I don’t suggest that you should use it in practice. AFAIK, not even the main author of this function (Benjamin Lang) does. However, it serves educational purposes to show that it is not that easy and why even properly planned studies might fail.

    

An alternative to assuming a T/R-ratio is based on statistical assurance.15 This concept uses the distribution of T/R-ratios and assumes an uncertainty parameter \(\small{\sigma_\textrm{u}}\). A natural assumption is \(\small{\sigma_\textrm{u}=1-\theta_0}\), i.e., for the commonly applied T/R-ratio of 0.95 one can use the argument sem = 0.05 in the function expsampleN.TOST(), where the argument theta0 has to be fixed at 1.

CV        <- 0.45
theta0    <- 0.95
target    <- 0.80
sigma.u   <- 1 - theta0
comp      <- data.frame(theta0 = theta0,
                        n.1 = NA, power = NA,
                        sigma.u = sigma.u,
                        n.2 = NA, assurance = NA)
comp[2:3] <- sampleN.TOST(CV = CV,
                          targetpower = target,
                          theta0 = theta0,
                          design = "2x2x4",
                          details = FALSE,
                          print = FALSE)[7:8]
comp[5:6] <- expsampleN.TOST(CV = CV,
                             theta0 = 1, # fixed!
                             targetpower = target,
                             design = "2x2x4",
                             prior.type = "theta0",
                             prior.parm =
                               list(sem = sigma.u),
                             details = FALSE,
                             print = FALSE)[9:10]
names(comp)[c(2, 5)]  <- rep("n", 2)
print(signif(comp, 6), row.names = FALSE)
#  theta0  n    power sigma.u  n assurance
#    0.95 42 0.818228    0.05 40   0.80949

previous section ↩︎

Multiple Endpoints

    

It is not unusal that equivalence of more than one endpoint has to be demonstrated. In bioequivalence the pharmacokinetic metrics Cmax and AUC0–t are mandatory (in some jurisdictions like the FDA additionally AUC0–∞).

We don’t have to worry about multiplicity issues (inflated Type I Error) since if all tests must pass at level \(\small{\alpha}\), we are protected by the intersection-union principle.16 17

We design the study always for the worst case combination, i.e., based on the PK metric requiring the largest sample size. In some jurisdictions wider BE limits for Cmax are acceptable. Let’s explore that with different CVs and T/R-ratios.

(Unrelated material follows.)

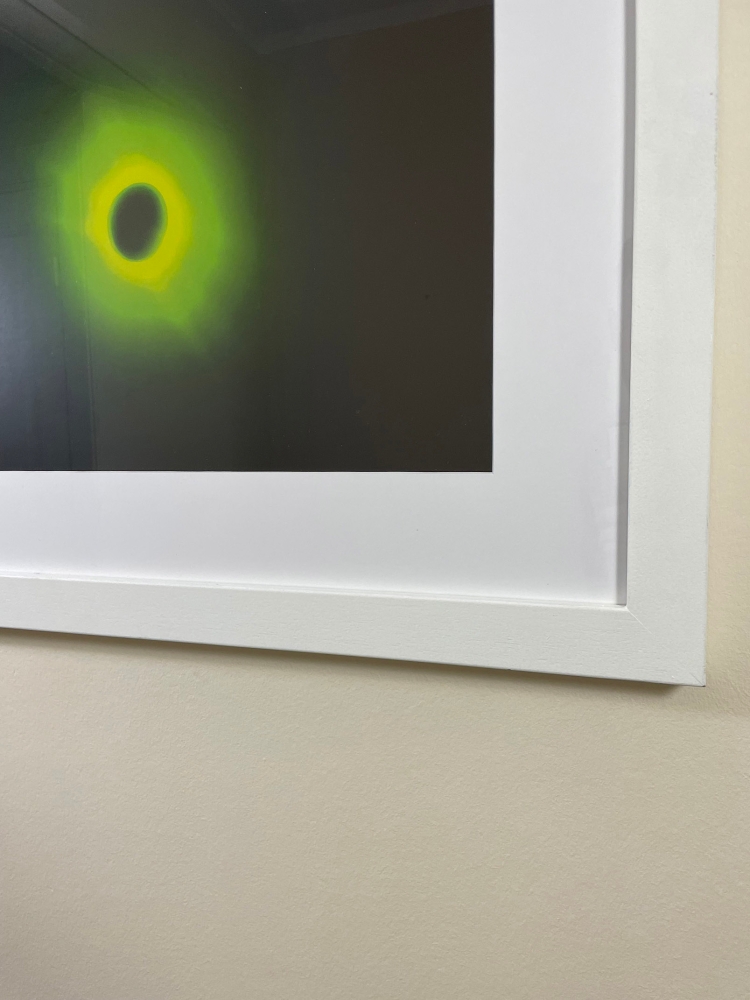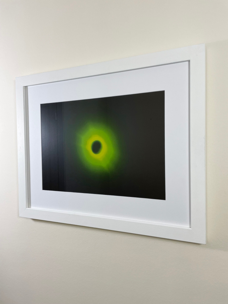 Framed photo lithograph of solar eclipse by Ann Veronica Janssens from 2013. This work is made in a series of 4 and all four are offered separately. The work is hand-numbered by the artist (see photo). Ann Veronica Janssens (B, 1956) is an international sculptor of light, sound and space. Ann Veronica Janssens almost always works in a minimal way without really belonging to minimal art. However, the fact that her work is sometimes associated with the minimalist movement is due to the clear design and choice of materials: transparent, glossy or, conversely, condensed and seemingly inaccessible. The artist lives and works in Brussels. The photo is from the series 'Museum to scale' published by gallerist Ronny Van de Velde. The whole will be professionally packed and shipped.

metrics <- c("Cmax", "AUCt", "AUCinf")
CV      <- c(0.45, 0.35, 0.37)
theta0  <- c(0.95, 1.04, 1.06)
theta1  <- c(0.75, 0.80, 0.80)
theta2  <- 1 / theta1
target  <- 0.80
x       <- data.frame(metric = metrics,
                      theta1 = theta1, theta2 = theta2,
                      CV = CV, theta0 = theta0, n = NA)
for (i in 1:nrow(x)) {
  x$n[i] <- sampleN.TOST(CV = CV[i],
                         theta0 = theta0[i],
                         theta1 = theta1[i],
                         theta2 = theta2[i],
                         targetpower = target,
                         design = "2x2x4",
                         print = FALSE)[["Sample size"]]
}
x$theta1 <- sprintf("%.4f", x$theta1)
x$theta2 <- sprintf("%.4f", x$theta2)
txt       <- paste0("Sample size based on ",
                    x$metric[x$n == max(x$n)], ".\n")
print(x, row.names = FALSE)
cat(txt)
#  metric theta1 theta2   CV theta0  n
#    Cmax 0.7500 1.3333 0.45   0.95 24
#    AUCt 0.8000 1.2500 0.35   1.04 24
#  AUCinf 0.8000 1.2500 0.37   1.06 32
# Sample size based on AUCinf.

Even if we assume the same T/R-ratio for two PK metrics, we will get a wider margin for the one with lower variability.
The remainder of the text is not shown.